Ahora que vienen los días fuertes de la Semana Santa, me
he puesto a recordar algún pasaje especialmente expresivo de los Evangelios;
algo en el lienzo de esas narraciones que cuentan la Pasión de Cristo. No he
querido indagar más cuando me ha venido casi instantánea esta frase: “Era de
noche” (Erat autem nox).
Es breve, y en mi mente siglo XXI podría ser un título
de película —seguro que llego tarde—. Una frase que suena bien ahora, y hace
dos mil años. En el Evangelio de Juan (XIII, 30) queda escrita punto y seguido
de la salida de Judas, dispuesto a traicionar por dinero al amigo.
He de decir que lo que en mi memoria se ha mantenido no es
exactamente “Era de noche”, sino “Cae la noche”. Si Juan refiere a la noche,
tan escueto, tras el inicio de la traición; si quiere poner esta pincelada
expresionista, cargada de sentido por la contigüidad de lo que ha contada
inmediatamente antes… entonces yo no puedo dejar de sentir ese “caer”, esa
contundencia expresiva, esa retórica fuerte de puñada visual en “Era de noche”,
y supongo que por eso, inmediatamente pienso en “Cae la noche”.

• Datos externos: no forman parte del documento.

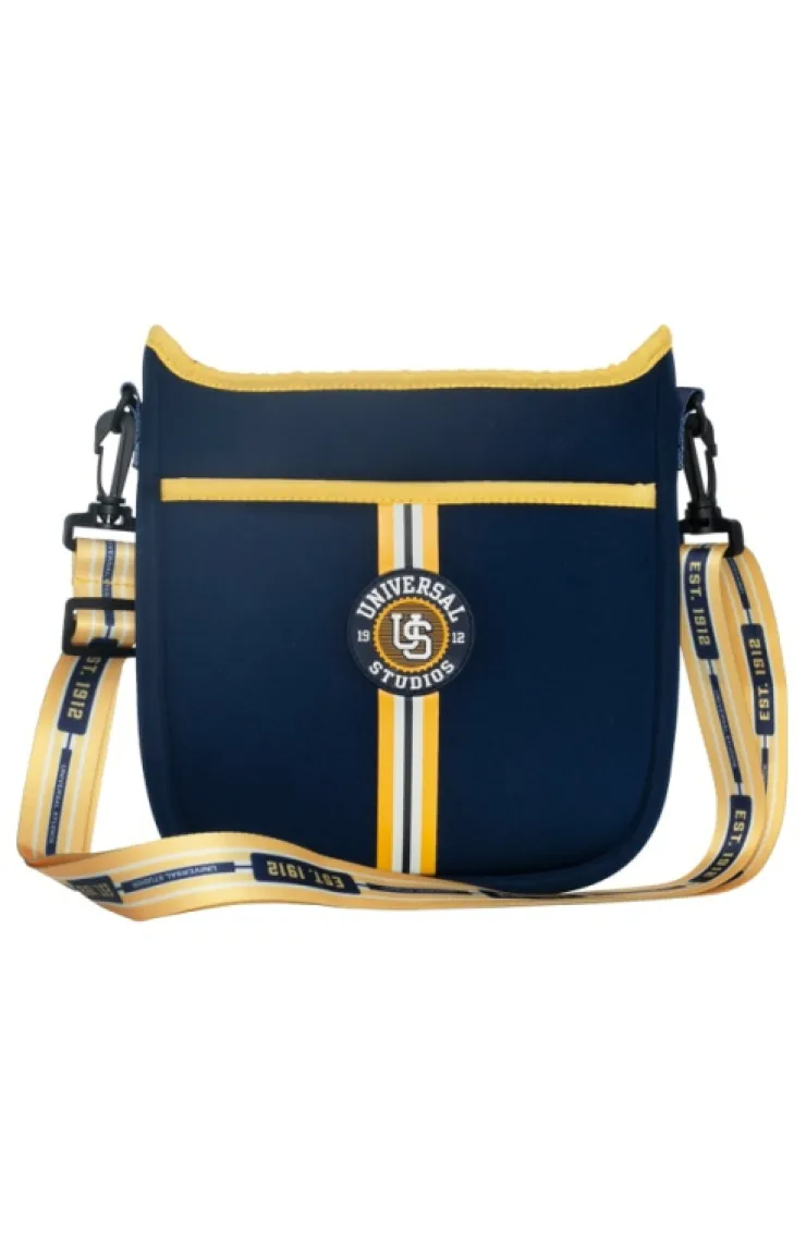Show your collegiate spirit with this Universal Studios 1912 cross-body bag. The bag features a Universal Studios silicon patch, zipper closure on top to keep items secure and an adjustable cross-body strap.

Las noches caen, como los días nacen (ortus) y mueren
(occasus). Flexiones del lenguaje que, sin embargo, son casi naturales, casi
dictadas por el propio sol, o las sombras.
Cae la luz, la inocencia, la visión, como apagón que hace
caer, que disuelve de un manotazo; y en otro sentido de caer, caen las
tinieblas como pesado telón con su peso opaco, que cambia el escenario, que
deja sin el sentido que asistía a las acciones que se representaban sobre aquel
fondo —Benedicto XVI escribe en Jesús de
Nazaret II, que Judas “sale para entra en la noche”—: es otra escena, otra
hora.
Esto comparece cuando contemplo ese “Cae la noche”. Y
pienso (casi) por instinto de supervivencia en un alzamiento, en un sol que
nace. Y recuerdo que hace falta una travesía de sábado —y recuerdo que George
Steiner escribe que solo caminará hasta el sepulcro del gran hombre, que no
podrá ir más allá—. Yo acompañaré a Steiner, pero tampoco podría ir más allá; si
no fuera por un don inmerecido, impensable e insospechado, como las buenas
metáforas.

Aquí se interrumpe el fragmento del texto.